5. Calculate the Theoretical Yield: Use the moles of the limiting reagent to calculate the theoretical yield of the product(s).
6. Calculate the Percent Yield (If Required): If the actual yield of the product is given, calculate the percent yield using the formula: Percent Yield = (Actual Yield / Theoretical Yield) x 100%.

Practice Problems with Answers

Let's tackle a series of practice problems to illustrate the application of these steps.

Problem 1:

Consider the reaction between nitrogen gas (N₂) and hydrogen gas (H₂) to produce ammonia (NH₃):

N₂(g) + 3H₂(g) → 2NH₃(g)

If you have 28.0 g of N₂ and 6.0 g of H₂, which is the limiting reagent, and what is the theoretical yield of NH₃ in grams?

Solution:

1. Balanced Chemical Equation: The equation is already balanced.

2. Convert Given Masses to Moles:

   • Moles of N₂ = 28.0 g / 28.02 g/mol = 0.999 mol ≈ 1 mol
   • Moles of H₂ = 6.0 g / 2.02 g/mol = 2.97 mol ≈ 3 mol

3. Determine the Mole Ratio:

   • Mole ratio of N₂ to H₂ = 1 mol N₂ / 3 mol H₂ = 1:3

4. Identify the Limiting Reagent:

   • From the balanced equation, the stoichiometric ratio of N₂ to H₂ is 1:3.
   • We have approximately 1 mol of N₂ and 3 mol of H₂. The ratio matches the stoichiometric ratio.
   • However, a closer look reveals a slight difference: if all the N₂ reacts, we need 3 moles of H₂, which we have.

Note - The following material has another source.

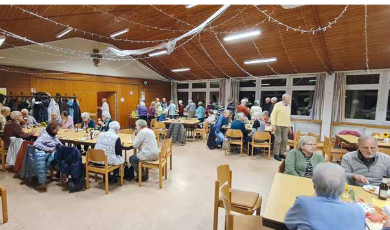
Nach dem Gottesdienst frohe Begegnung im Pfarrheim St. Franziskus

Beim Weltgebetstag des internationalen Kolpingwerkes 2025 stand das südasiatische Land Myanmar im Blickpunkt und das dortige Kolpingwerk in der Verantwortung für die Vorbereitung dieses Tages der weltweiten geistlichen Verbundenheit im Kolpingwerk am 27. Oktober, dem Tag der Seligsprechung Adolph Kolpings. Dieser Tag wird im Bezirk Hannover seit 2004 mit einem festlichen Gottesdienst bei der Kolpingsfamilie St. Franziskus in Hannover-Vahrenheide begangen. Es ist zu einer guten Tradition geworden, dass in dieser Eucharistiefeier die Kolpingsfamilien des Bezirksverbandes mit ihren Bannern und möglichst vielen Mitgliedern zusammenkommen und dabei für ein Projekt des jeweils vorbereitenden Nationalverbandes die Kollekte halten und den Erlös spenden.

If all the H₂ reacts, we need 1 mole of N₂, which we also have. The more precise calculation is:
     • To consume 1 mole of N₂, we need 3 moles of H₂. We have 3 moles of H₂, so N₂ is the limiting reagent.
     • To consume 3 moles of H₂, we need 1 mole of N₂. We have 1 mole of N₂, so H₂ is not in excess.
   • Therefore, N₂ is the limiting reagent.

5. Calculate the Theoretical Yield:

   • From the balanced equation, 1 mol of N₂ produces 2 mol of NH₃.
   • Therefore, 1 mol of N₂ will produce 2 mol of NH₃.
   • Mass of NH₃ = 2 mol x 17.03 g/mol = 34.06 g
   • The theoretical yield of NH₃ is approximately 34.06 g.

Problem 2:

What mass of precipitate (AgCl) is formed when 200.0 mL of 0.100 M silver nitrate (AgNO₃) is mixed with 150.0 mL of 0.150 M calcium chloride (CaCl₂)?

2AgNO₃(aq) + CaCl₂(aq) → 2AgCl(s) + Ca(NO₃)₂(aq)

Solution:

1. Balanced Chemical Equation: The equation is already balanced.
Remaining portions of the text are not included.